Korean startup Panmnesia says it has a way of running recommendation models 5x faster by feeding data from external memory pools to GPUs via CXL caching rather than host CPU-controlled memory transfers.
Its TrainingCXL technology was developed by computing researchers at the Korea Advanced Institute of Science & Technology (KAIST), Daejeon. Panmnesia, which means “remember everything,” was started to commercialize it.
Panmnesia’s CEO is KAIST associate professor Myung-Soo Jeong, and he said in a Seoul Finance interview: “ChatGPT, which has recently become an issue, requires more data as technology develops, and more memory to store it.” High-bandwidth memory (HBM) will not solve this issue: “Even if memory performance is increased through HBM, connection technology that can gather each memory module in one [virtual] place is essential to increase storage capacity.”
What Panmnesia has developed is DirectCXL, a hardware and software way of implementing CXL memory pooling and switching technology specifically for recommendation engines but benefiting other large-scale machine learning applications.
Recommendation engine models are machine learning processes used by Facebook, Amazon, YouTube and ecommerce sites to suggest products to users based on what they are currently buying or renting. Computer eXpress Link (CXL) is technology for interconnecting devices with memory across a PCIe gen 5 or gen 6 bus-based system so that they can share data in physically separate but coherent memory areas. Panmnesia accelerates data access in distributed CXL memory pools by using the CXL caching protocol, cxl.cache, and reduces model run time by doing some processing in its CXL memory controllers.
The technology’s background is is described in two complex academic IEEE papers. “Failure Tolerant Training With Persistent Memory Disaggregation Over CXL” uses Optane PMEM for the external memory. “Memory Pooling with CXL,” meanwhile, which is behind a paywall, uses DRAM.
To understand what’s going on – how Panmnesia achieves its >5x speed up – we need to visit the basics of the hardware scheme and its CXL components, and get to grips with a few recommendation engine technology concepts.
Hardware and CXL
Panmnesia’s technology has a CXL v2 switch and CXL Memory controller providing access to shared external CXL memory both to a CPU and to GPUs, each with their own local memory capacity. This shared coherent memory pool is referred to as a Host Physical Address (HPE) and is larger than the individual memories of the GPUs and the CPU, thus enabling the data for large recommendation models to be stored in memory instead of being fetched piecemeal from much slower SSD storage. The controller also has a PIM (Processing-in-Memory) capability plus an additional near-data processor, oddly called a DPU. These speed recommendation engines work by preprocessing certain kinds of data, reducing it in size and processing complexity before sending it to the GPUs.
The recommendation engine model relies on data items called embedded vectors, with vectors being a set of numeric values in arbitrary dimensions – tens, hundreds or even more of them – that describe a complex data item such as a word, phrase, paragraph, object or image or video.
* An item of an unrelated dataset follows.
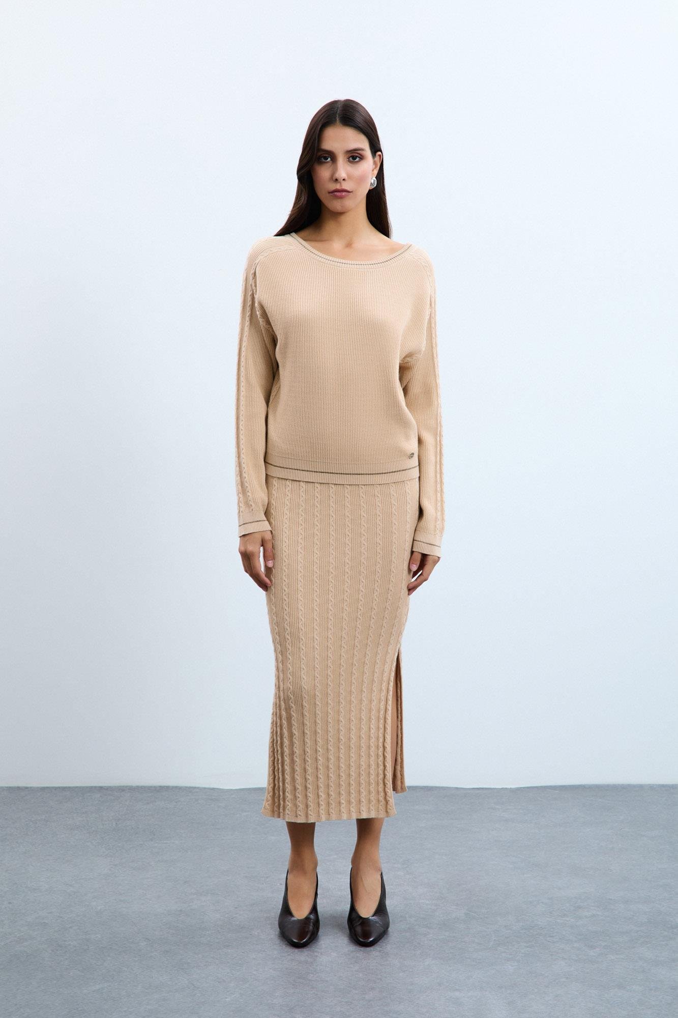 Organik Pamuk Karışımlı Örgü Oyunlu Midi Etek ETK10748 BEJ

Vector databases are used in AI and ML applications such as semantic search, chatbots, cybersecurity threat detection, product search and recommendations.
A machine learning model takes an input vector, describing an item, and looks for similar items in a database, making parallel and repetitive calculations to arrive at its decision. Crudely speaking, the larger the database and the more comprehensive the vectors, the likelier you will be recommended a follow-on Bourne movie while checking out the first one rather than Good Will Hunting.
Training recommendation engines can take days, which is why a 5x speedup is desirable. The embedded vectors are loaded into the CXL controller’s DRAM. They are then, using the CXL.cache protocol, made available to the GPUs with the model being run and intermediate values fed back to the CXL controller’s memory the same way. Using the CXL.cache protocol means that the host CPU does not have to move the data from one HBM memory area to another, saving time.
Having the PIM and DPU elements in the controller preprocess the embedded vectors, reducing them in size before sending them out to the GPUs for the next training cycle, means that work can be done in parallel with the GPUs which, of course, are also operating in parallel. It all goes to save time and avoid buying more GPUs to get more GPU memory.
As enterprises adopt ChatGPT-style chatbots to operate on their own private data sets, they will need training and this represents a large emerging market for Panmnesia. A TrainingCXL video describes the technology in its PMEM incarnation.
Panmnesia’s founders have patented some of their technology, with applications for more patents under way. All in all the technology looks worth following as Panmnesia’s academic founders establish their company and set up business processes and technology documentation. Check out its website – it has lots of content.